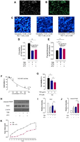 Cytotoxicity of ATV and effect of ATV on apoptosis and tumor growth delay. (A) Ex vivo image of cell nuclei. (B) The edge contours of DAPI-stained cell nuclei were extracted using a Laplacian edge-finding algorithm. (C) Representative images of cell nuclei when CTX or ATV was co-administered with TZB. (D,E) Circularity and fractal dimension of the cell nucleus in tumor tissue (mean ± standard deviation) (** p < 0.005 and * p < 0.05). ATV, atorvastatin. TZB, trastuzumab. CTX, cyclophosphamide. FD, fractal dimension. (F) Cytotoxicity assay according to the concentration of ATV. (G) Cell viability according to the concentration of TZB with ATV (* p < 0.05). (H) Cell lysates were immunoblotted with the indicated antibodies. (I) Relative intensity of Bcl-2. (J) Relative intensity of cleaved PARP. (n = 3, mean ± standard deviation, * p < 0.05). (K) Tumor growth delay for 30 days (n = 3–5 per group). ATV, atorvastatin. TZB, trastuzumab. PARP, poly (ADP-ribose) polymerase 1.
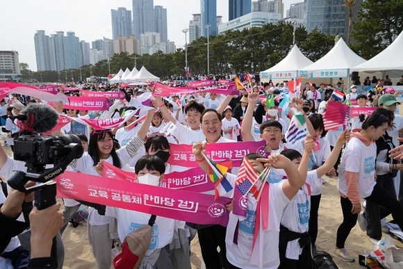 하윤수 부산시교육감이 4일 오후 4시 해운대 해수욕장과 동백섬 일대에서 초·중·고 학생, 학부모, 교직원 등 3000여 명을 대상으로 2030 월드엑스포 유치 기원 ‘교육공동체 한마당 걷기대회’를 개최했다.
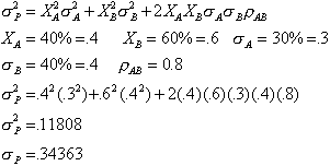 The portfolio standard deviation (risk) would be less than in (a). This is because the lower correlation (.5 vs. .8) means that these stocks tend to move together less than they did in part (a). That means that they offset eachother more often, dampening any overall swings in the portfolio, making the total standard deviation less.
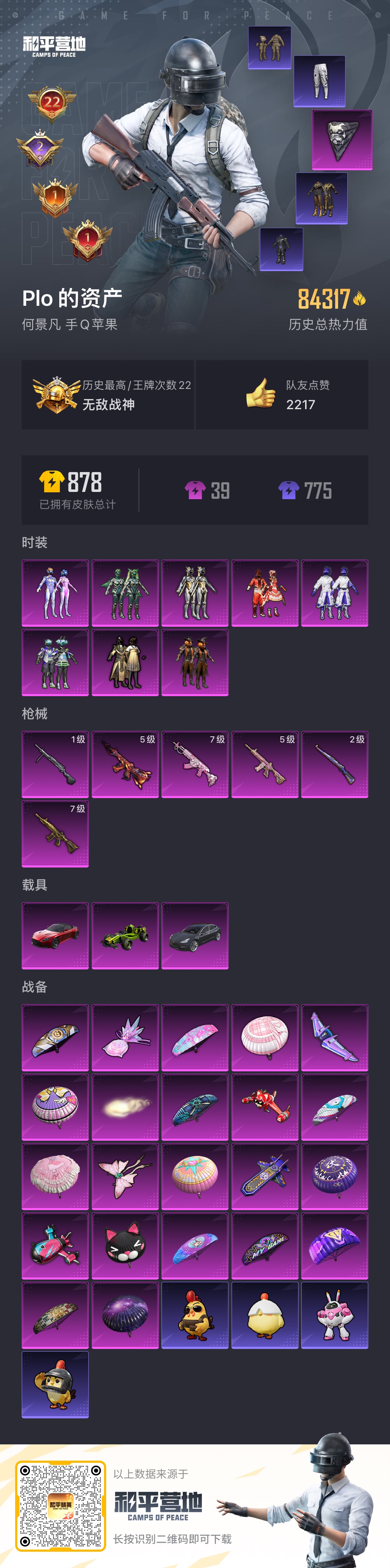 hs52335 苹果手Q-22王牌印记-有战神框-6粉装-7特效枪-3载具-77418热力值-156
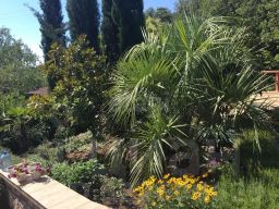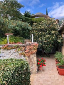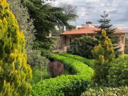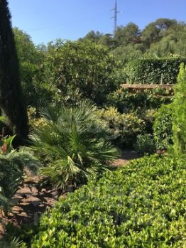 На территории участка фруктовый сад, различные растения, зона барбекю, места для отдыха.
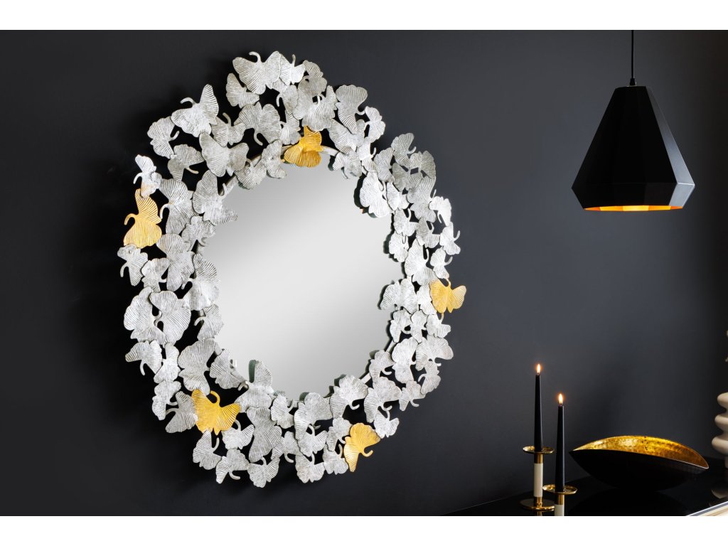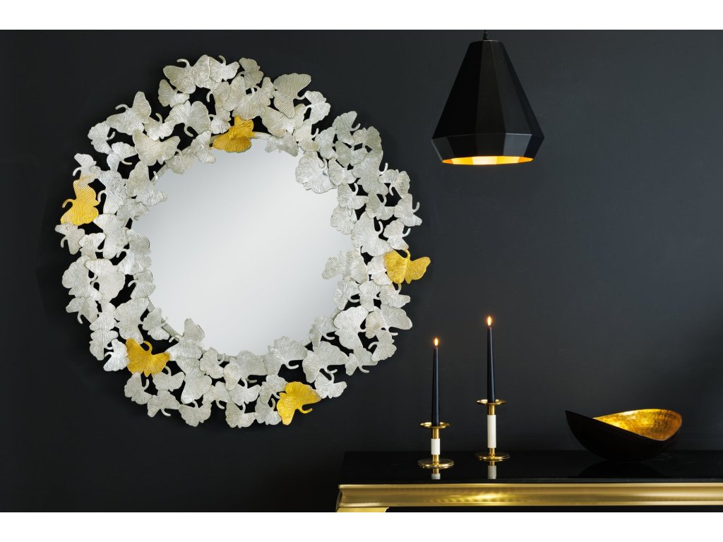 Nástěnné zrcadlo GINKGO LEAVES 95cm zlato stříbro
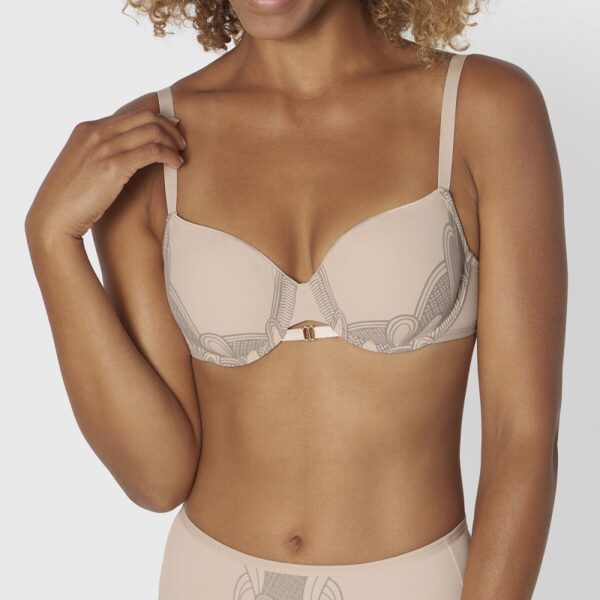 Delikatnie usztywniony, zabudowany biustonosz z modelującymi fiszbinami. Lekkie i oddychające miseczki Spacer Cup podkreślają naturalny kształt biustu bez dodawania mu objętości. Model z gładkiego jerseyu zdobionego graficznym nadrukiem, pokryty przezroczystym tiulem. Pod mostkiem satynowe tasiemki połączone metalowym detalem. Boki oraz tył wykonane z gładkiej, miękkiej tkaniny tkaniny pokrytej delikatnym tiulem. Model uszyty z zastosowaniem technologii Lycra FitSense, która gwarantuje niewiarygodny komfort niczym druga skóra. Skład:53% Poliester, 29% Poliamid, 18% Elastan.
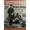 Rücktitel: Wenn ein Motorradwerk auf 50 Jahre seines Bestehens zurückblicken kann, dann ist das nicht zuletzt dem Einsatz vieler einzelner zu danken, die mit ihrer schöpferischen Kraft und ihrer Hände Arbeit den Markenbegriff schufen. Nur die wenigsten von ihnen kennt man draußen — für sie alle steht hier in unserem Bild Schorsch Weiss, heute Zündapp-Kundendienst- und Sportabteilungsleiter in einer Person, damals noch selbst aktiver, immer wieder erfolgreicher Fahrer auf Zündapp-Maschinen.
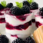 - Layer the blackberry mixture and the cream mixture in serving glasses.
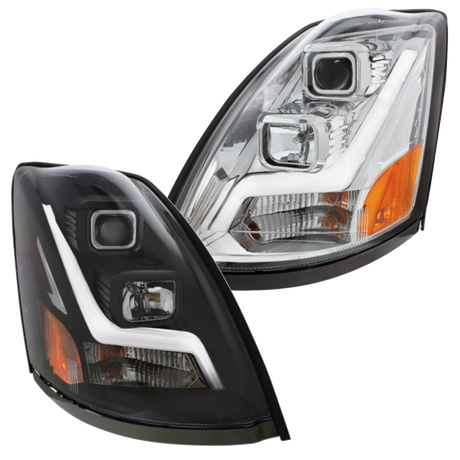 Volvo VN/VNL (2003-2017) - Projection Headlight With Amber LED Light Bar
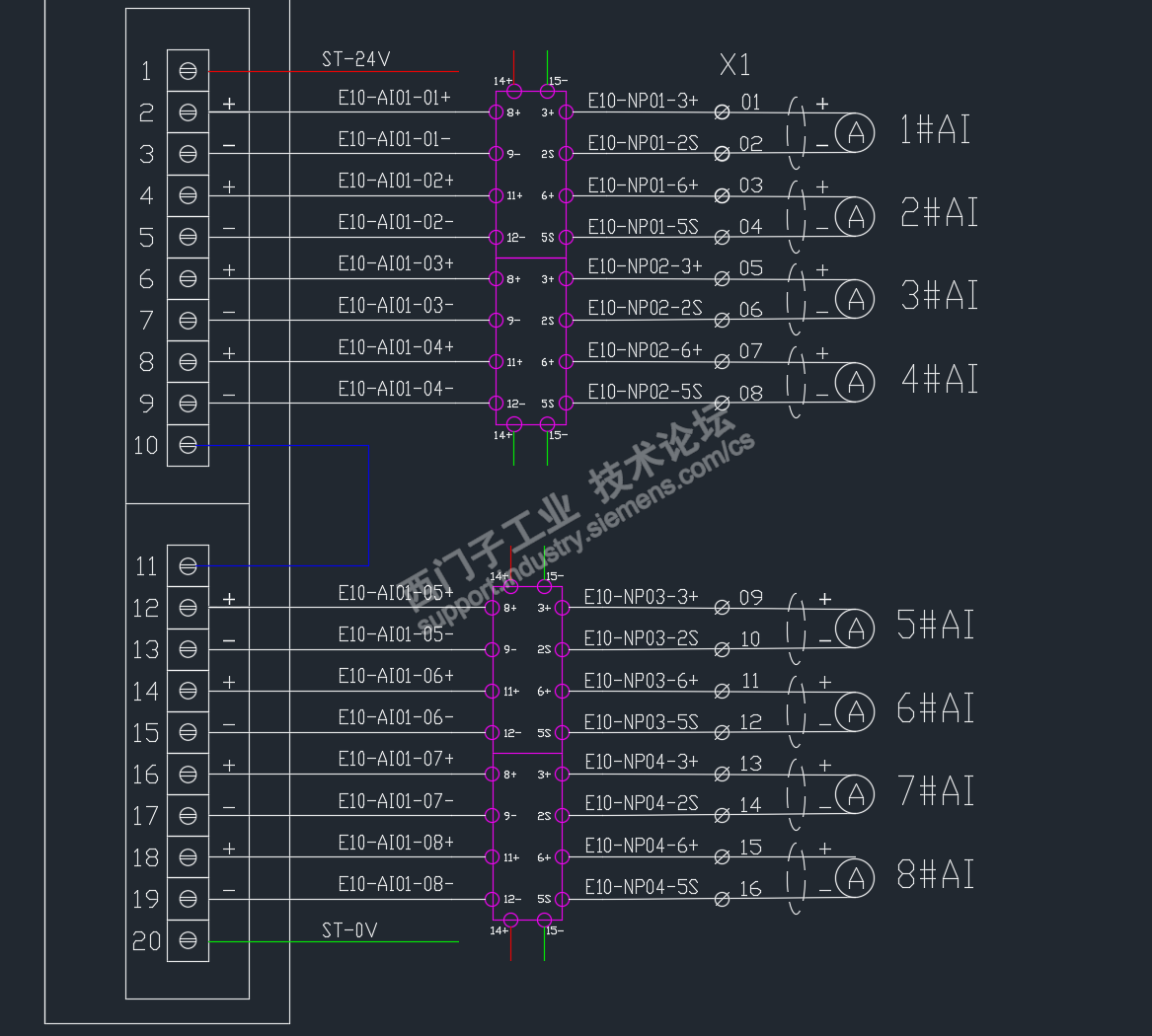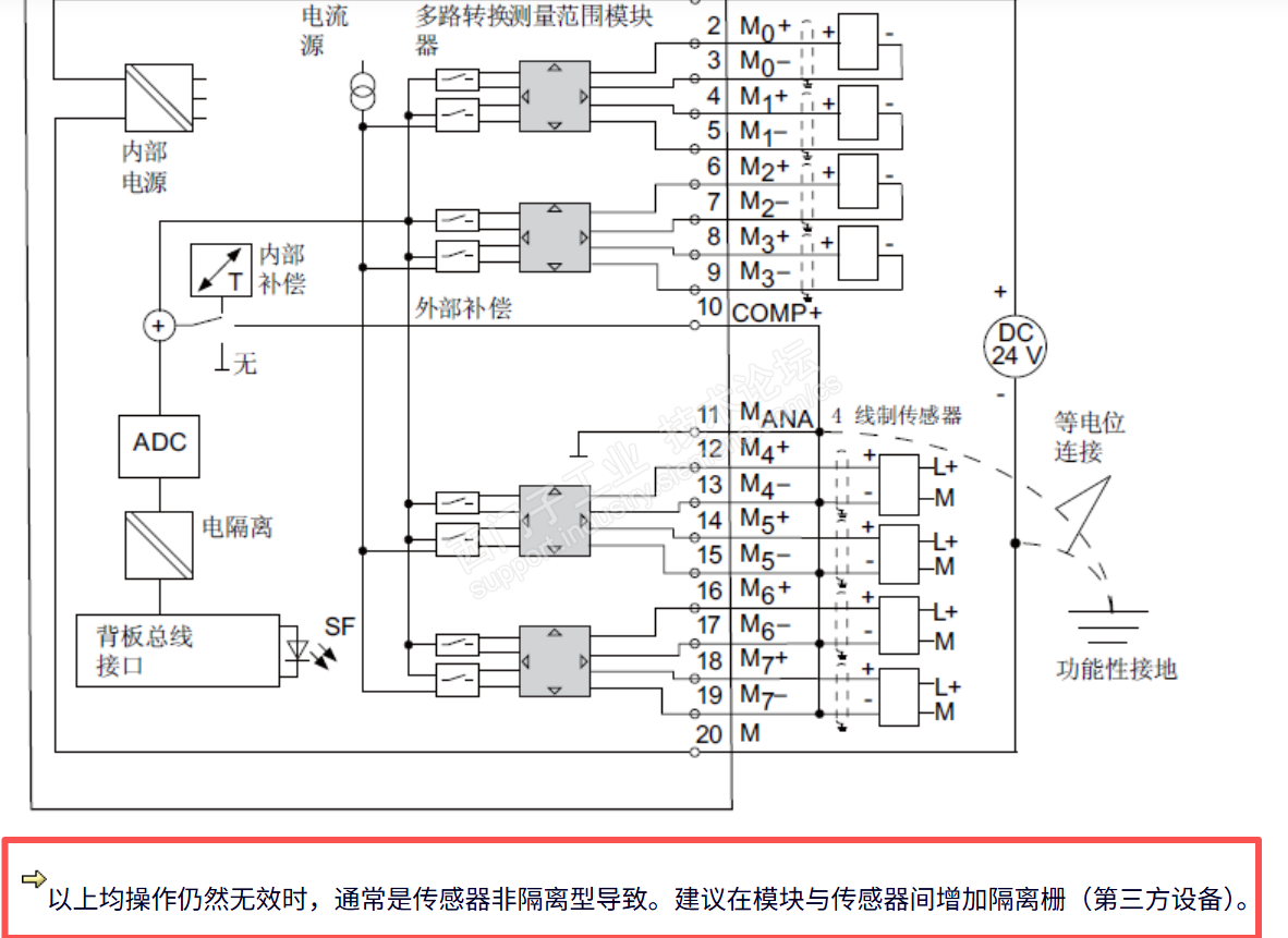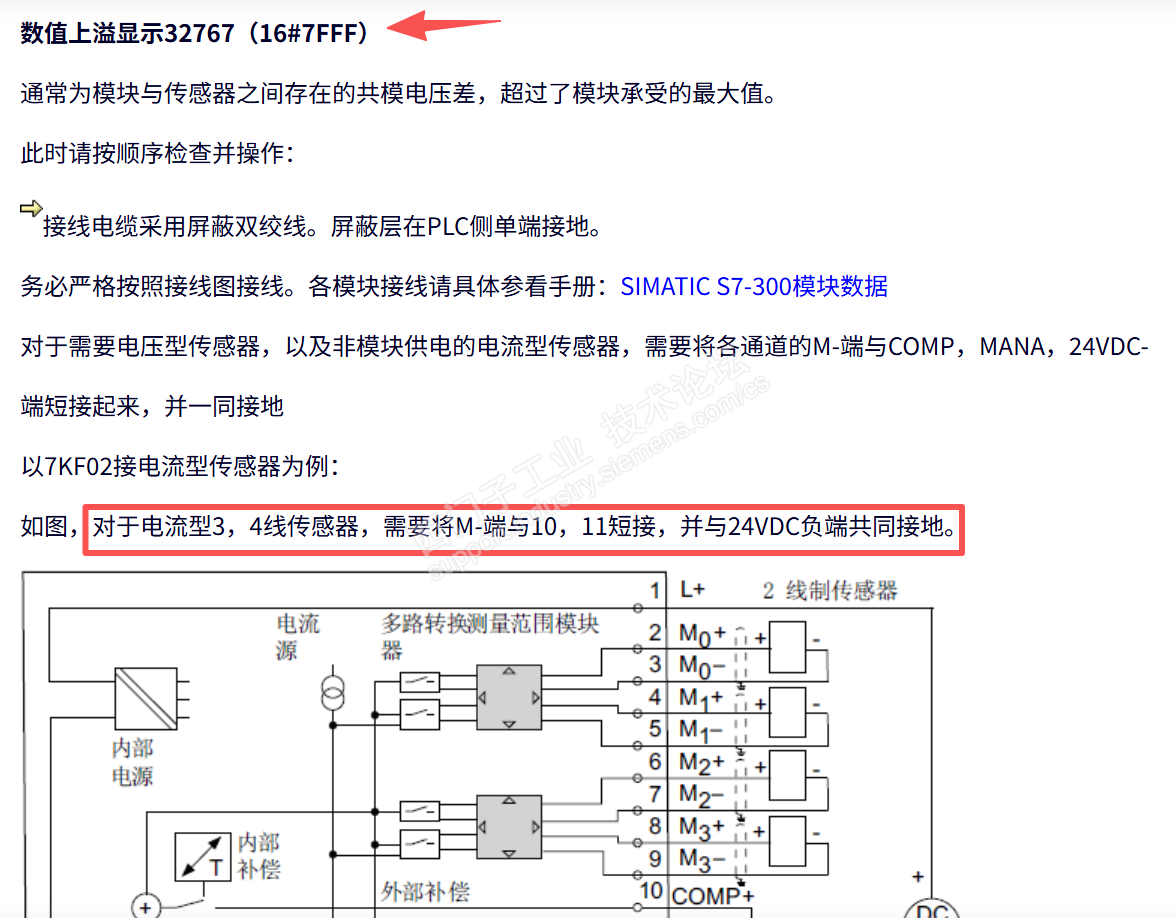 设备模拟量配置了安全栅,接线图如上。模块端子10/11短接了,信号-M-/24V-未与10/11短接。
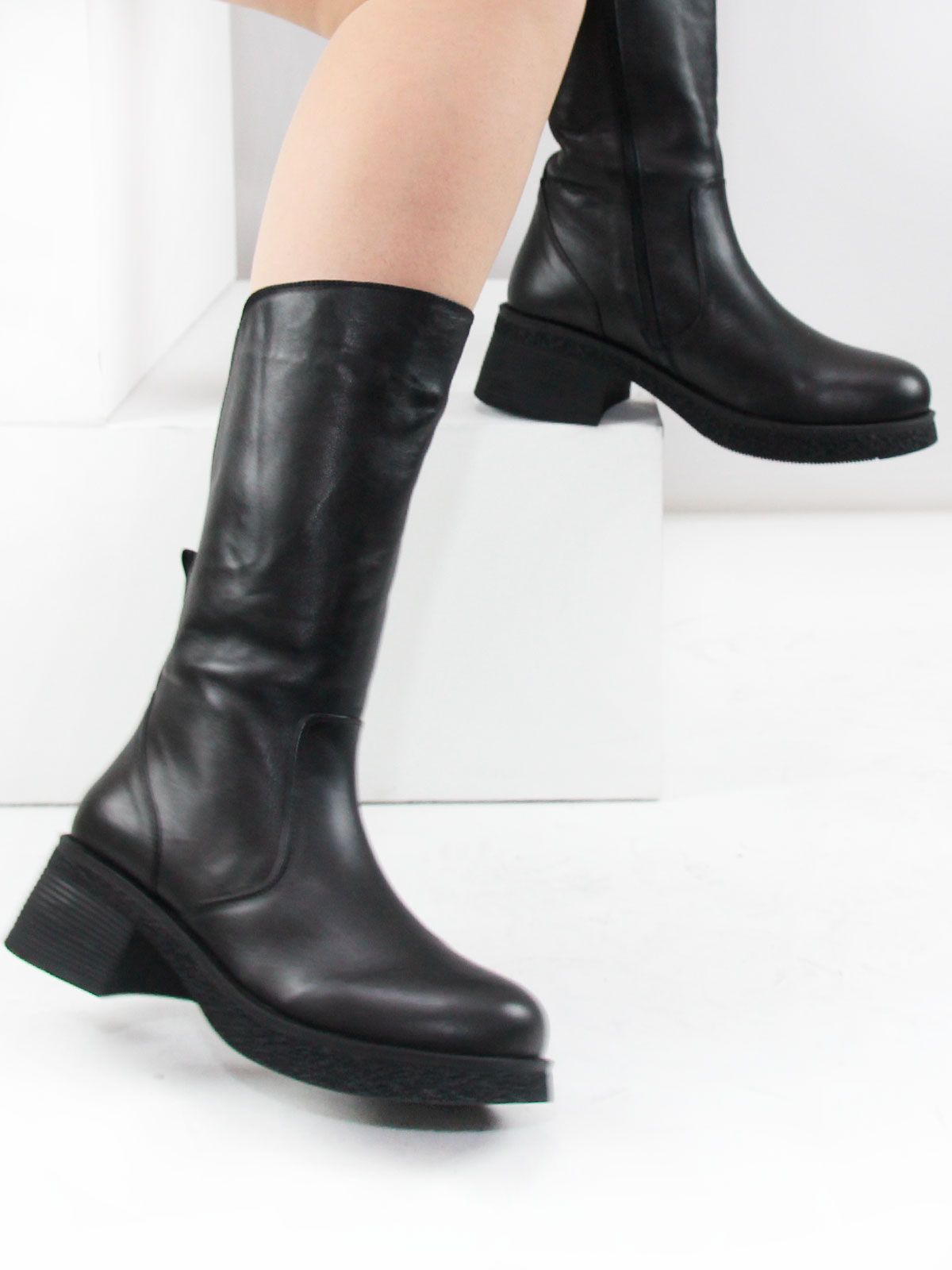 Слегка укороченное голенище удобно садится на ногу. Обхват в широкой части — 40 см.
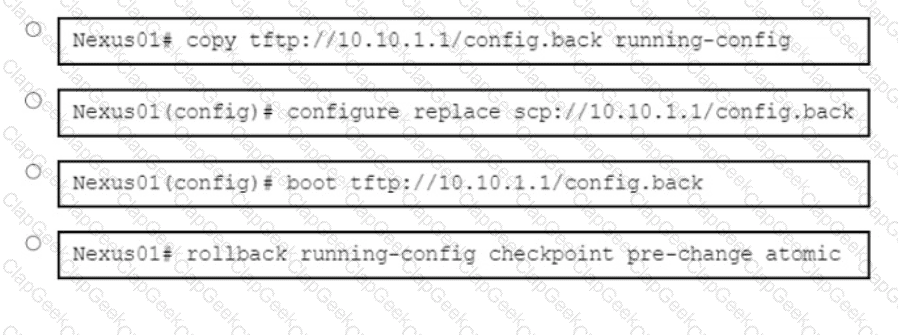 A network engineer must roll back a configuration change made on a Cisco Nexus 9300 Series Switch. Before the change, the network engineer created a checkpoint named pre-config. The rollback abort if any errors occur. Which command must be used to accomplish these objectives?
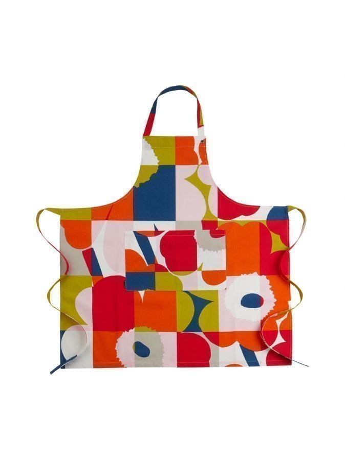 Klassisen Unikko-kuosin koristama esiliina on sileäpintaista 100 % puuvillaa. Konepesu 60 °C.

+ + + + +

- **What this task involves**: Leaving every image behind, repeat the data in full and exactly.

- **Finished exercise**:
 Cytotoxicity of ATV and effect of ATV on apoptosis and tumor growth delay. (A) Ex vivo image of cell nuclei. (B) The edge contours of DAPI-stained cell nuclei were extracted using a Laplacian edge-finding algorithm. (C) Representative images of cell nuclei when CTX or ATV was co-administered with TZB. (D,E) Circularity and fractal dimension of the cell nucleus in tumor tissue (mean ± standard deviation) (** p < 0.005 and * p < 0.05). ATV, atorvastatin. TZB, trastuzumab. CTX, cyclophosphamide. FD, fractal dimension. (F) Cytotoxicity assay according to the concentration of ATV. (G) Cell viability according to the concentration of TZB with ATV (* p < 0.05). (H) Cell lysates were immunoblotted with the indicated antibodies. (I) Relative intensity of Bcl-2. (J) Relative intensity of cleaved PARP. (n = 3, mean ± standard deviation, * p < 0.05). (K) Tumor growth delay for 30 days (n = 3–5 per group). ATV, atorvastatin. TZB, trastuzumab. PARP, poly (ADP-ribose) polymerase 1.
 하윤수 부산시교육감이 4일 오후 4시 해운대 해수욕장과 동백섬 일대에서 초·중·고 학생, 학부모, 교직원 등 3000여 명을 대상으로 2030 월드엑스포 유치 기원 ‘교육공동체 한마당 걷기대회’를 개최했다.
 The portfolio standard deviation (risk) would be less than in (a). This is because the lower correlation (.5 vs. .8) means that these stocks tend to move together less than they did in part (a). That means that they offset eachother more often, dampening any overall swings in the portfolio, making the total standard deviation less.
 hs52335 苹果手Q-22王牌印记-有战神框-6粉装-7特效枪-3载具-77418热力值-156
 На территории участка фруктовый сад, различные растения, зона барбекю, места для отдыха.
 Nástěnné zrcadlo GINKGO LEAVES 95cm zlato stříbro
 Delikatnie usztywniony, zabudowany biustonosz z modelującymi fiszbinami. Lekkie i oddychające miseczki Spacer Cup podkreślają naturalny kształt biustu bez dodawania mu objętości. Model z gładkiego jerseyu zdobionego graficznym nadrukiem, pokryty przezroczystym tiulem. Pod mostkiem satynowe tasiemki połączone metalowym detalem. Boki oraz tył wykonane z gładkiej, miękkiej tkaniny tkaniny pokrytej delikatnym tiulem. Model uszyty z zastosowaniem technologii Lycra FitSense, która gwarantuje niewiarygodny komfort niczym druga skóra. Skład:53% Poliester, 29% Poliamid, 18% Elastan.
 Rücktitel: Wenn ein Motorradwerk auf 50 Jahre seines Bestehens zurückblicken kann, dann ist das nicht zuletzt dem Einsatz vieler einzelner zu danken, die mit ihrer schöpferischen Kraft und ihrer Hände Arbeit den Markenbegriff schufen. Nur die wenigsten von ihnen kennt man draußen — für sie alle steht hier in unserem Bild Schorsch Weiss, heute Zündapp-Kundendienst- und Sportabteilungsleiter in einer Person, damals noch selbst aktiver, immer wieder erfolgreicher Fahrer auf Zündapp-Maschinen.
 - Layer the blackberry mixture and the cream mixture in serving glasses.
 Volvo VN/VNL (2003-2017) - Projection Headlight With Amber LED Light Bar
 设备模拟量配置了安全栅,接线图如上。模块端子10/11短接了,信号-M-/24V-未与10/11短接。
 Слегка укороченное голенище удобно садится на ногу. Обхват в широкой части — 40 см.
 A network engineer must roll back a configuration change made on a Cisco Nexus 9300 Series Switch. Before the change, the network engineer created a checkpoint named pre-config. The rollback abort if any errors occur. Which command must be used to accomplish these objectives?
 Klassisen Unikko-kuosin koristama esiliina on sileäpintaista 100 % puuvillaa. Konepesu 60 °C.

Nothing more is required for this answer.